Costs were converted from Chinese Renminbi (RMB) to United States dollars (US$) using the average exchange rate of 6.73 RMB to 1 US$ in the year 2022 (16). To account for the time value of money, future costs and utilities were discounted at a rate of 5% (17). Chemotherapy doses were determined based on a standardized model that assumes a body weight of 60 kg, creatinine clearance of 70μmol/L and a body surface area of 1.72 m2.
The assessment of health-related quality of life is a crucial aspect in evaluating the impact of health conditions on individuals. Utility values are commonly employed to measure health-related quality of life, representing scores ranging from 0 to 1 that signify the poorest and healthiest states respectively. However, in the ASTRUM-005 clinical trial, there was a lack of utility data specifically related to healthy living. Therefore, it was necessary to rely on utility values reported in published literature. It is important to note that these selected utility values will also undergo rigorous sensitivity analysis to thoroughly examine their influence on the study’s findings.

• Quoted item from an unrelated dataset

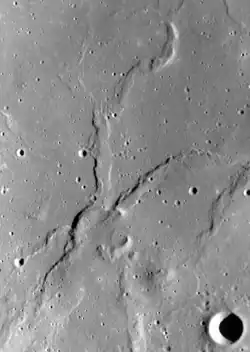 The ridge starts near Dorsa Geikie, trends northeast, and ends in the vicinity of Webb crater.

Moreover, this study also takes into consideration the adverse effects of drug-related events on health-related quality of life.Both the associated costs and utility values are included in Table 1.
2.5 Sensitivity analysis
To examine the potential factors influencing the incremental cost-effectiveness ratio (ICER), a comprehensive sensitivity analysis was conducted. Specifically, a one-way sensitivity analysis was performed by adjusting each input parameter by ±25% to assess its impact on the ICER. The outcomes of this analysis were visually represented using a tornado plot, which effectively showcased the magnitude of influence that each parameter exerted on the ICER.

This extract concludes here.